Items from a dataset
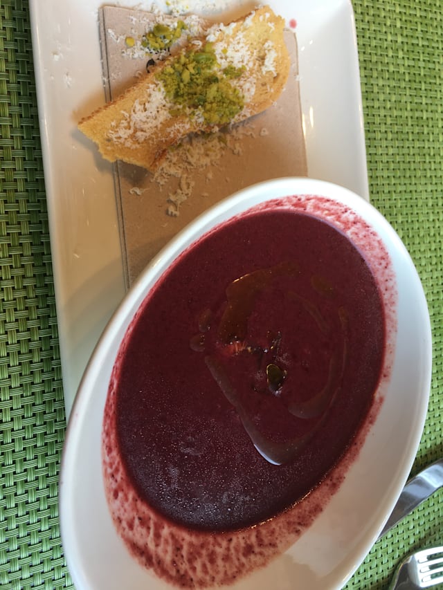 Amanida de tomàquets amb mongeta tendra, mató i remolatxa amb vinagreta de mel i mostassa
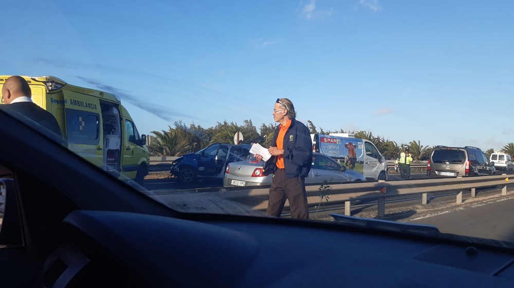 A primera hora de esta mañana, sobre las 7.45 horas, ocurría un accidente en la LZ-2 por la salida de Playa Honda dirección Puerto del Carmen, provocando grandes retenciones en esa vía y en la Circunvalación, afectando a los vehículos que trataban de llegar al sur de la isla.
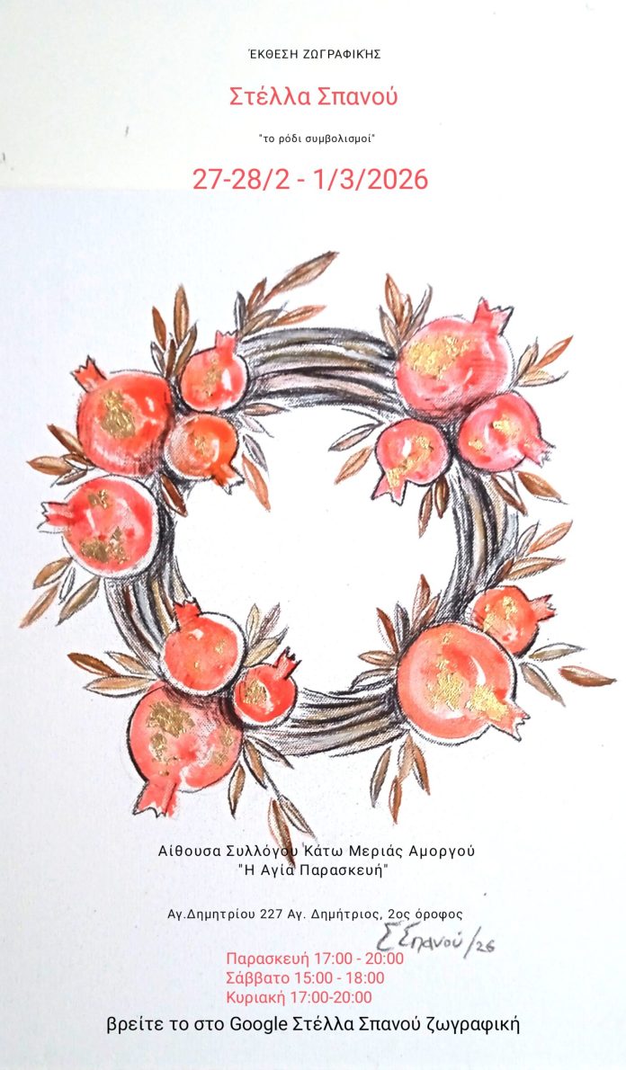 Η ατομική έκθεση ζωγραφικής της Αρχιτέκτονος εικαστικού Στέλλας Σπανού με θέμα ” το ρόδι συμβολισμοί” μεταφέρθηκε  στην Αίθουσα του Συλλόγου Κάτω Μεριάς Αμοργού “Η Αγία Παρασκευή” για μια τελευταία φορά για φέτος.
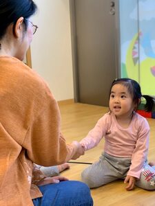 その後は、お名前を呼んでもらいリズムに合わせて「こんにちは!はーい」とお返事をしますよ〜💕最初の頃は緊張していた子も今では元気に「はーい!」と言えるようになってきました!
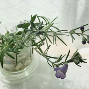 庭から数週間前に摘んできたミントブッシュシルバーリーフの花が咲きました。 ローズマリーは触るといい香りがします。 とても長持ちの庭の切り花たち。

AIM OF THE TASK. Please write out exactly, and only, the lines from the beginning of the entries through the line containing "A primera hora", including both and skipping all pictures.

WRITTEN RESPONSE.
 Amanida de tomàquets amb mongeta tendra, mató i remolatxa amb vinagreta de mel i mostassa
 A primera hora de esta mañana, sobre las 7.45 horas, ocurría un accidente en la LZ-2 por la salida de Playa Honda dirección Puerto del Carmen, provocando grandes retenciones en esa vía y en la Circunvalación, afectando a los vehículos que trataban de llegar al sur de la isla.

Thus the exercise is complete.